Le Dinh, Hieu; WEEKERS, Laurent ULg; BONVOISIN, Catherine ULg et al

in Transplantation Proceedings (2012), 44(9), 2795-802

INTRODUCTION: Delayed graft function (DGF) occurs more frequently in kidney transplants from donation after cardiac death (DCD) than from donation after brain death (DBD). We investigated the effect of ... [more ▼]

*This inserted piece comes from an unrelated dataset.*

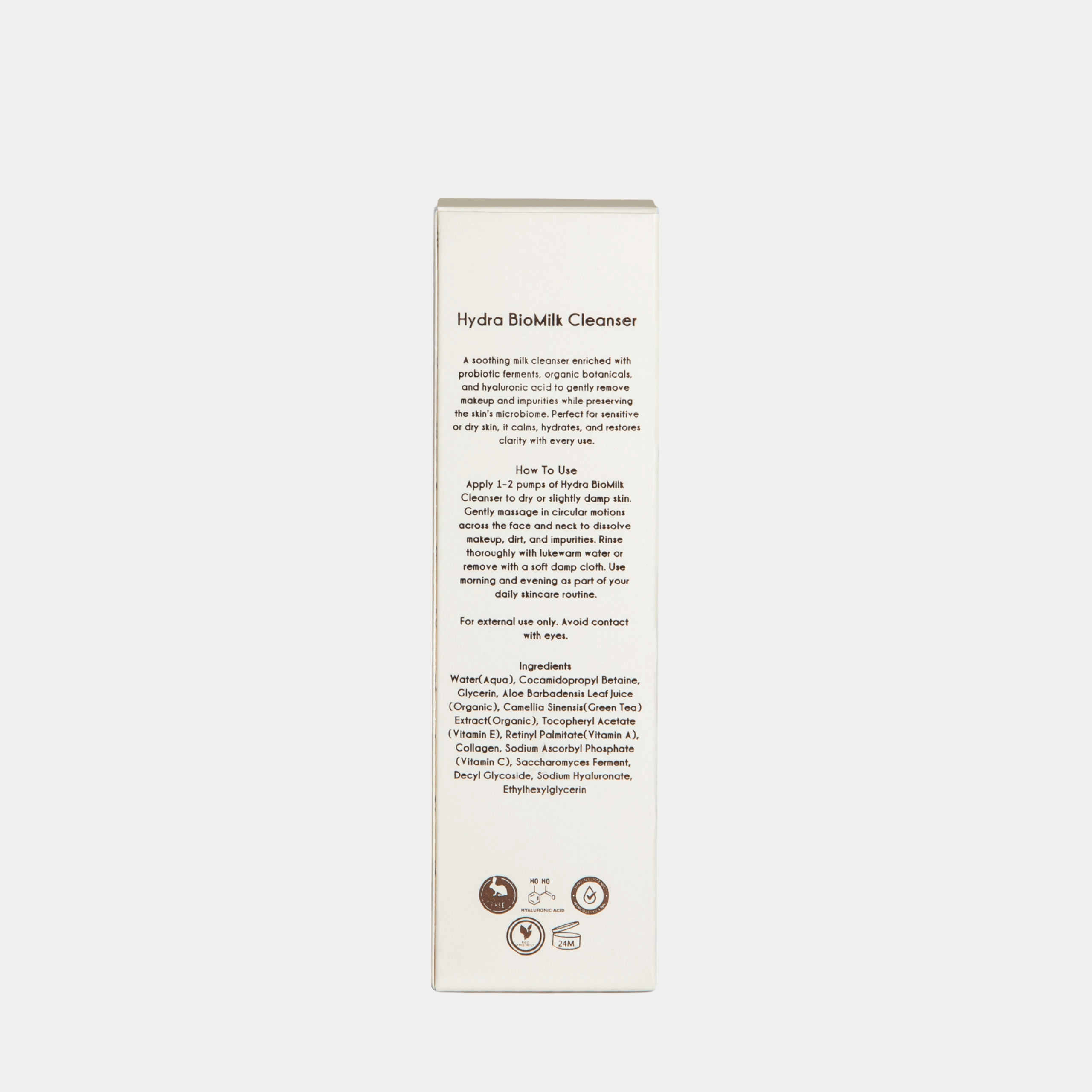 Hydra BioMilk Cleanser se nutre de una combinación única de fermentos probióticos y extractos orgánicos que trabajan en armonía para proteger y fortalecer la barrera cutánea. El fermento Saccharomyces ayuda a reequilibrar el microbioma, mientras que el Aloe Vera y el Té Verde calman y nutren. El Ácido Hialurónico y el Colágeno aportan una hidratación duradera, dejando la piel suave como la seda, flexible y fresca después de cada limpieza.

INTRODUCTION: Delayed graft function (DGF) occurs more frequently in kidney transplants from donation after cardiac death (DCD) than from donation after brain death (DBD). We investigated the effect of DGF on posttransplantation outcomes among grafts from controlled DCD kidneys. PATIENTS AND METHODS: This single-center retrospective study recruited 80 controlled DCD kidneys transplanted from January 2005 to December 2011. Mean patient follow-up was 28.5 months. RESULTS: There were no primary nonfunction grafts; the DGF rate was 35.5%. Overall graft survival rates between groups with versus without DGF were 92.4% and 95.2% at 1 year, 92.4% and 87.1% at 3 years, and 84.7% and 87.1% at 5 years, respectively (P = not significant (NS)). Patients with versus without DGF showed the same survival rates at the corresponding time 92.4% vs 97.2%, 92.4% vs 93.9%, and 84.7% vs 93.9% (P = NS). Estimated glomerular filtration rate was significantly lower in the DGF compared with the non-DGF group at hospital discharge (29 vs 42 mL/min; P = .00) and at 6 months posttransplantation (46 vs 52 mL/min; P = .04), but the difference disappeared thereafter: 47 vs 52 mL/min at 1 year, 50 vs 48 mL/min at 3 years, and 54 vs 53 mL/min at 5 years (P = NS). DGF did not increase the risk of an acute rejection episode (29.6% vs 30.6%; P = NS) or rate of surgical complications (33.3% vs 26.5%; P = NS). However, DGF prolonged significantly the length of hospitalization in the DGF versus the non- DGF group (18.9 vs 13 days; P = .00). Donor body mass index (BMI) >/= 30 kg/m(2), recipient BMI >/=30 kg/m(2), and pretransplantation dialysis duration increased the risk of DGF upon multivariate logistic regression analysis. CONCLUSIONS: Apart from the longer hospital stay, DGF had no deleterious impact on the future of kidney allografts from controlled DCD, which showed comparable graft and patient survivals, renal function, rejection rates, and surgical complications as a group without DGF. Therefore, DGF should no longer be considered to be a medical barrier to the use of kidney grafts from controlled DCD. [less ▲]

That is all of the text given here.